Cognizant of the community setting in which their patients live and work, family physicians should be able to delineate community health problems as they affect the health of individual patients and develop plans for appropriate intervention. Individuals who respect all persons regardless of their backgrounds, culture, socioeconomic status or life situation and have a deep understanding of human nature excel in this role. The ability to identify with people and connect interpersonally reassures patients and is the beginning of healing relationships that can produce maximum health benefits.

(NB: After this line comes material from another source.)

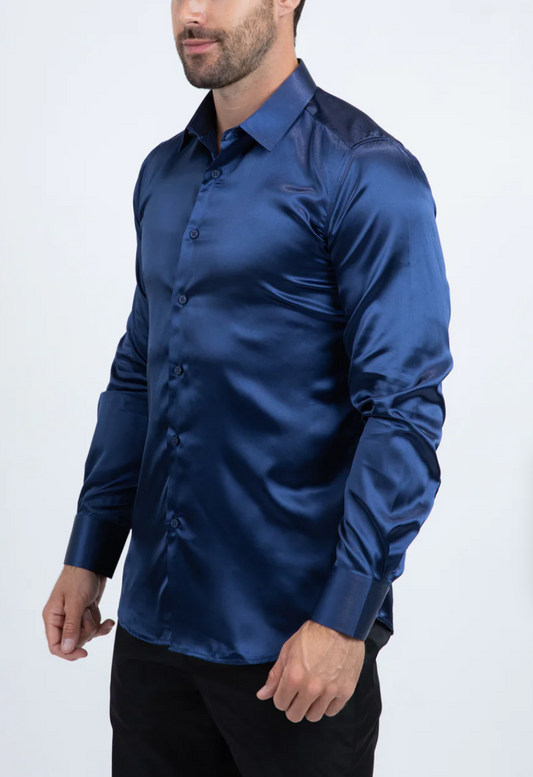 Navy with Red Buttons Men’s Long Sleeve Shirt
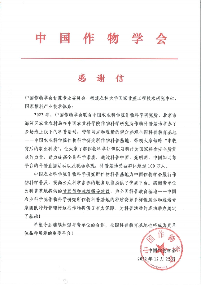近日,中国作物学会向依托我校的甘蔗专业委员会、国家甘蔗工程技术研究中心等单位发来感谢信,高度赞赏我校为全国科普教育基地提供甘蔗种苗以及栽种指导建议,为中国农业科学院作物科学研究所科普基地的种质资源多样性展示和栽培专家团队种好管理好这些作物提供了有力保障,为全国科普日云游活动的成功举办奠定了基础。中国作物学会已连续三年发来感谢信。

Clear communication with each patient, other involved persons, and the rest of the health care system is necessary to integrate patients’ care.56 This ability requires simple, honest, open, and caring communication free of jargon or vocabulary that few understand.The questions and concerns of all involved need to be considered. Effective communication involves maintaining an open mind to new information and evolving situations. A willingness to obtain additional opinions and information is essential.
Today’s ideal family physician is driven by curiosity. What is there about this patient that is contributing to his or her disease? How effectively is the health care system responding to the needs and wishes of this patient? The process of learning and discovery is lifelong, and the opportunities to learn about health and disease as viewed daily by family physicians are abundant.57–,59
The Necessary Environment for High-Quality Practice
In the landmark Chasm Report, the IOM defined the framework for the health care system of the 21st century. According to the IOM, a health care system should be safe, effective, patient centered, timely, efficient, and equitable.40 Family medicine’s core values of continuous, comprehensive, compassionate and personal care are congruent with these rules and probably essential to their realization.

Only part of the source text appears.